Bronchopulmonary carcinoids (BPCs) are rare malignancies but are known to be one of the most common causes of the ectopic adrenocorticotropic hormone (ACTH) syndrome. Surgery is the mainstay of therapy and one key question considering surgical treatment is the impact of local lymph node metastases. We sought to determine the risk factors and prognosis of LN metastases in resected carcinoid patients.


Data of 42 patients of BPCs with lymph node metastasis who received radical surgery in Peking Union Medical College Hospital (PUMCH) from Jan 2000 to Dec 2021 were retrospectively analysed. Overall survival (OS) and progression-free survival (PFS) were analyzed using Kaplan–Meier curves. Independent prognostic factors were assessed by COX hazard proportion model.

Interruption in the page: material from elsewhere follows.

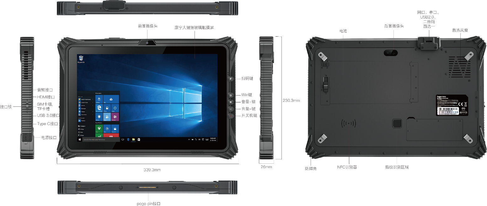 阿普奇TPP-122CQEA是一款12.2英寸工業(yè)手持平板電腦,配備TFT-LCD顯示屏,分辨率1920×1200,亮度650 cd/m2,支持10點(diǎn)投射電容觸摸,覆蓋鋼化玻璃,硬度≥7H。搭載Intel? Core? i5/i7移動(dòng)處理器,配備16GB DDR4L內(nèi)存與128GB SSD存儲(chǔ)。接口包括USB Type-A、Type-C、千兆以太網(wǎng)、RS232、HDMI Mini及SIM卡槽等。具備前置2MP攝像頭、防水揚(yáng)聲器、G-sensor、Wi-Fi 6、藍(lán)牙5.1、4G LTE(可選5G),支持可選NFC、二維碼掃描及指紋開機(jī)登錄。采用熱插拔電池(700mAh+6300mAh),運(yùn)行Windows 10/11系統(tǒng),尺寸339.3×230.3×26mm,重量1500g,IP65防護(hù),工作溫度-20~60°C,抗振動(dòng)與跌落,適用于手持及車載場(chǎng)景。

It was indicated that in patients received radical surgery with local lymph node positive of BPCs, the 5-year OS and PFS rate was 74.5%, 68.3%, respectively. Multivariate Cox regression indicated that ectopic ACTH syndrome (EAS) could predict significantly to a better OS and PFS. In the subgroup analysis, the age, tumor size, Ki-67 index, histology and postoperative chemotherapy in patients with EAS had significantly differences with those without EAS.


Our study certified R0 resection with lymphadenectomy was effective in patients with lymph nodal positive. The ectopic ACTH syndrome was a protective factor for a better prognosis, which could provide clear evidence for operations.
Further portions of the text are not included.